■ **Given records**

* * * * * * * * *

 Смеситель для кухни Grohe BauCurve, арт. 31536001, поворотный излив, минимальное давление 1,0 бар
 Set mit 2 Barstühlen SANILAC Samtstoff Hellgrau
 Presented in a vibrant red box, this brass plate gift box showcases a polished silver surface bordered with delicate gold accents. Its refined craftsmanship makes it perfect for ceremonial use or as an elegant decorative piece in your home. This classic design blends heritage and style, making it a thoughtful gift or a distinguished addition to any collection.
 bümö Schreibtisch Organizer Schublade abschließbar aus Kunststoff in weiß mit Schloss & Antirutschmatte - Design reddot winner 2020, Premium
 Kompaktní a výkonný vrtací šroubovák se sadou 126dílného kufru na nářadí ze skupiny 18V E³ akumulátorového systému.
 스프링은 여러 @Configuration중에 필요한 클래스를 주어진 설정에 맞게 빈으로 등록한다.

* * * * * * * * *

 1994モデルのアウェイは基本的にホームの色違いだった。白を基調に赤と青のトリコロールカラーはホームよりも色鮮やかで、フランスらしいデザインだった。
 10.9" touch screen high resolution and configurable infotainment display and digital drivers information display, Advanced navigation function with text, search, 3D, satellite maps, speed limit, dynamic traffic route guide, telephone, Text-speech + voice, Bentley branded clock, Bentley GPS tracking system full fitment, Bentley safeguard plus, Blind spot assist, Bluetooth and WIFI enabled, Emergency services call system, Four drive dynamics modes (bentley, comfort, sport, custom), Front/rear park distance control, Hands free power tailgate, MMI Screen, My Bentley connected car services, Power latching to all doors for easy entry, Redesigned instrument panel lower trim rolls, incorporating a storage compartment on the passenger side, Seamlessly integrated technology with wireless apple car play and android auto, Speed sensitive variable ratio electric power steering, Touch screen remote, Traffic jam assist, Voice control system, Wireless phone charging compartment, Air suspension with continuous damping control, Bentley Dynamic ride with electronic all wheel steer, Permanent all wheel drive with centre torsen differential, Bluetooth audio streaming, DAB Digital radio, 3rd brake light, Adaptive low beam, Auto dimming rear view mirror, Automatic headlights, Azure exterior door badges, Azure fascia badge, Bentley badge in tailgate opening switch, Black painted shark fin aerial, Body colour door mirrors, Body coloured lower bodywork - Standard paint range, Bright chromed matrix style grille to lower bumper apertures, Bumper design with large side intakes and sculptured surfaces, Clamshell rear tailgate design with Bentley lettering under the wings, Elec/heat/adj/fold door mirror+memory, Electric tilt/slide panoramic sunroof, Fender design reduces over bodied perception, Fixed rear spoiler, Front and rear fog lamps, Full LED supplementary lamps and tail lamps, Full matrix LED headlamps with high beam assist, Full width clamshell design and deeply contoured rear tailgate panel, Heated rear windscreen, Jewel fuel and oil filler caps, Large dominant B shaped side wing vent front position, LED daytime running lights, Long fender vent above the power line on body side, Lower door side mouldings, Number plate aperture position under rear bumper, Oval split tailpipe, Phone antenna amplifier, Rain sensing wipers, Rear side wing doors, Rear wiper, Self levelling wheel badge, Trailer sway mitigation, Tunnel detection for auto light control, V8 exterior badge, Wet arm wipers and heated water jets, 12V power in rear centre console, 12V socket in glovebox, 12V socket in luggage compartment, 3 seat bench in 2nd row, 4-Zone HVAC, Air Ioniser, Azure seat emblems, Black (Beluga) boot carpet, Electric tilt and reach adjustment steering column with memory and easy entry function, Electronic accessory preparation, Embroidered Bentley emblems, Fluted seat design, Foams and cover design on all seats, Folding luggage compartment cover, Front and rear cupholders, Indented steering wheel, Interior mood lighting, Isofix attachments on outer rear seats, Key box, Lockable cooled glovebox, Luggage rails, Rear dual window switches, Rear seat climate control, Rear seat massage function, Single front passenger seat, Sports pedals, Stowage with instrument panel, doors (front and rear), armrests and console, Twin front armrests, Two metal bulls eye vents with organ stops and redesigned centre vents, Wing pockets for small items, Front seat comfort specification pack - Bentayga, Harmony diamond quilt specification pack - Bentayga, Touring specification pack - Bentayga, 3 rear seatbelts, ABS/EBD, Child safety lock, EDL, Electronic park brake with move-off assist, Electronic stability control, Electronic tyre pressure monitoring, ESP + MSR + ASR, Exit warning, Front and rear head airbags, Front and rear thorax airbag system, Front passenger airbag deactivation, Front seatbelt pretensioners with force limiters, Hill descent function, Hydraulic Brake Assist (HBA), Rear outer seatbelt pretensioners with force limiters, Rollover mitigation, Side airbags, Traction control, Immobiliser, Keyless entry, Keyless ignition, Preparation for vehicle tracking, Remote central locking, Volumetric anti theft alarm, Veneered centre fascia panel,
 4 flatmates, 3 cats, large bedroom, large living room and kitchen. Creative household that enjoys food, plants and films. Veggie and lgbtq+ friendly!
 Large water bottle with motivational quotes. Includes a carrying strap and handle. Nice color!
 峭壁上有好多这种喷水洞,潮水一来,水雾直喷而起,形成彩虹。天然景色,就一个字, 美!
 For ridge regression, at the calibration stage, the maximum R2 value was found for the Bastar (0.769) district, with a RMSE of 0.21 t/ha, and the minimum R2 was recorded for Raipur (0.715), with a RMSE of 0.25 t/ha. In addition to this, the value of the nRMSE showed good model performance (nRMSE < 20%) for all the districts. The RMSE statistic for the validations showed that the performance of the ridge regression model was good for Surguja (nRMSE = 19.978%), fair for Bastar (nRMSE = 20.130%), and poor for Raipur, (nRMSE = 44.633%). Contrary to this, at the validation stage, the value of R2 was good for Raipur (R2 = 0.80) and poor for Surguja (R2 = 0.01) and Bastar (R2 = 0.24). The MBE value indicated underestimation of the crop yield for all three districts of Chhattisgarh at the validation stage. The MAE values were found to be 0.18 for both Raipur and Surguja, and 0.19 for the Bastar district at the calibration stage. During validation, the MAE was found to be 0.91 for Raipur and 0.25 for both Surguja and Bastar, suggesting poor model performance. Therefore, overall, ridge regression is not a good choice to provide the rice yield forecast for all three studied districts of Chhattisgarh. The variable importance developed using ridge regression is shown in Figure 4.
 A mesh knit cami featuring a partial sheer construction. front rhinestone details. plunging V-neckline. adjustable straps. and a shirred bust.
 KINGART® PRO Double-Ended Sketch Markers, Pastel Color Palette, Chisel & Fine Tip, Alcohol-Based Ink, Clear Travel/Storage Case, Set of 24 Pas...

* * * * * * * * *

■ **Directions**
Among the records above, extract exactly the lines from the line with "Kompaktní a výkonný" to the line with "스프링은 여러 @Configuration중에", both lines included, and leave out the rest.

■ **Task output**
 Kompaktní a výkonný vrtací šroubovák se sadou 126dílného kufru na nářadí ze skupiny 18V E³ akumulátorového systému.
 스프링은 여러 @Configuration중에 필요한 클래스를 주어진 설정에 맞게 빈으로 등록한다.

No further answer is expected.